Indeed, the decoder developed in Texas, according to its scientific description: “generates intelligible word sequences that recover the meaning of perceived speech, imagined speech and even silent videos, demonstrating that a single decoder can be applied to a range of tasks”.

Stratigraphic maps

It is important to know that when we are about to say something, different, but quite specific, areas of the brain are activated, depending on what, with what emotions and in relation to which memories we are constructing the utterance. Words and even whole phrases therefore have their place in the brain when we listen to them, when we think about them and also when we say them. In general, we think first and then speak the thought, although more than one person can often be accused of saying something thoughtlessly. However, this is a simplification and a colloquialism that neuroscience denies. It’s just that not everything we think about is particularly clever, and hence there are some statements that are not preceded by any reflection.

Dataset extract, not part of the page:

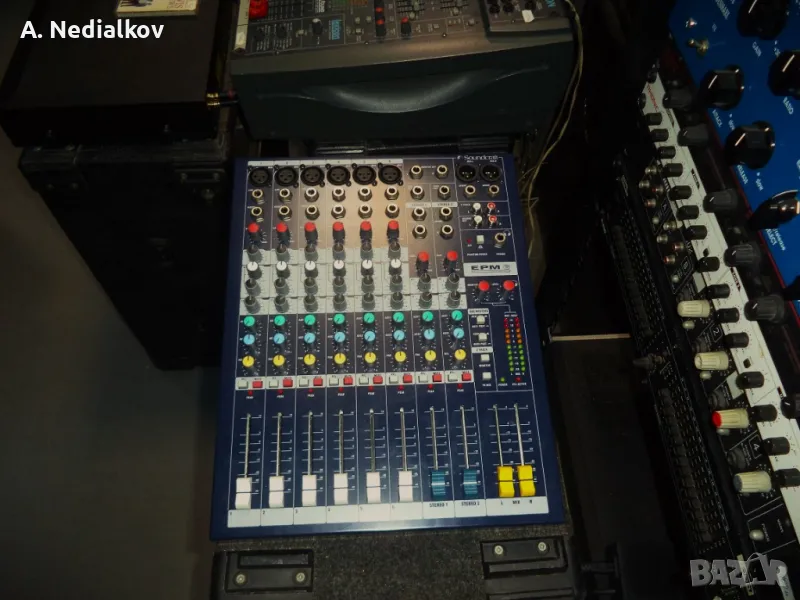 Продавам отличен професионален аудиомиксер модел - Soundcraft EPM-6 /6 микрофонни + 2 стерео канала/ параметричен еквилайзер и 2 aux на канал.Няма вграден ефект но има отделно няколко ефекта на Behringer,Lexicon и Yamaha !Може да се види и пробва в музикалния магазин Ултрамюзик София кв.Хиподрума.

Having simplified the new AI-based non-invasive decoder to the maximum, functional magnetic resonance (fMRI) is able to accurately map areas of the brain which are currently very active and to display them with the use of colourful dots. Like stratigraphic maps: blue where the activity is low, red – where it is extremely high while the rest follows the gradient between: green, yellow, orange… AI, on the other hand, is a programme meant to analyse this type of image very quickly, armed with databases full of data from experiments, in which during an fMRI examination a man thought in concrete terms (or at least that’s what he claimed) about what he wanted to say, listened to an utterance, etc. Of course, on condition that this participant was open to decoding their thoughts, listening to a story that was new to him or imagining the story being told, the machine generates an appropriate text from the brain activity alone. In compiling meaningful and grammatically coherent utterances, it relies in part on a transformer model similar to those that drive ChatGPT Open AI and Google Bard.
The voice synthesiser used by Stephen Hawking was a ”toy” compared to what scientists can build today. Photo: RAMON DE LA ROCHA / EPA / PAP
The training of the decoder is that the person placed in the fMRI scanner listens to specific podcasts for 16 hours – spread over several months of bearable sessions, because you have to be completely still – the scanner watches and analyses it. During the experiment itself, participants were not only supposed to listen to or think about a given story while in the scanner. They were also asked to watch four short silent films. The semantic decoder was supposed to cope with each of these tasks, different in terms of brain work and possible subsequent verbalization of experiences by the person participating in the experiment.

Not words but essence

This decoder has looked at – by thousands, and even tens of thousands – our brains that are so colorful with activity, and it turns out that today it can read minds. However... Only (or as many as) half of the time when the decoder has been trained to monitor the brain activity of a particular participant, the machine generates text that closely (and sometimes exactly) matches the intended meaning of the original utterance.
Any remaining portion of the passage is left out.